» **Available data**
■ ■ ■ ■ ■ ■ ■

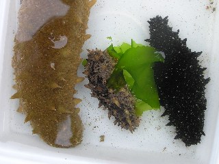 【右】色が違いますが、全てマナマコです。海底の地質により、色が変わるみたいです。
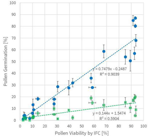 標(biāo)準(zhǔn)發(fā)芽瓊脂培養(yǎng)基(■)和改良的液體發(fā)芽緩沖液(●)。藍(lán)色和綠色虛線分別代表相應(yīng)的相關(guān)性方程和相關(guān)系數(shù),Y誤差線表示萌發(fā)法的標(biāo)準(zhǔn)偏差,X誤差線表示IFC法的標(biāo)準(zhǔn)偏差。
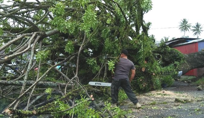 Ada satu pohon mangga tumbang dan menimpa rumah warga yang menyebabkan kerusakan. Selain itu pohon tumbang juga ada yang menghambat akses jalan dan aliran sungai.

■ ■ ■ ■ ■ ■ ■

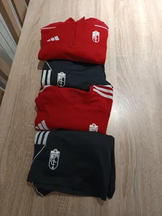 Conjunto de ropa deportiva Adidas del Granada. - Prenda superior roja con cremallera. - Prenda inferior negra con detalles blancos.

■ ■ ■ ■ ■ ■ ■

» **Work to complete**
Both the line above containing "標(biāo)準(zhǔn)發(fā)芽" and the line containing "Ada satu pohon" belong in the copy, along with every line between them; print these exactly and omit the pictures.

» **Final answer**
 標(biāo)準(zhǔn)發(fā)芽瓊脂培養(yǎng)基(■)和改良的液體發(fā)芽緩沖液(●)。藍(lán)色和綠色虛線分別代表相應(yīng)的相關(guān)性方程和相關(guān)系數(shù),Y誤差線表示萌發(fā)法的標(biāo)準(zhǔn)偏差,X誤差線表示IFC法的標(biāo)準(zhǔn)偏差。
 Ada satu pohon mangga tumbang dan menimpa rumah warga yang menyebabkan kerusakan. Selain itu pohon tumbang juga ada yang menghambat akses jalan dan aliran sungai.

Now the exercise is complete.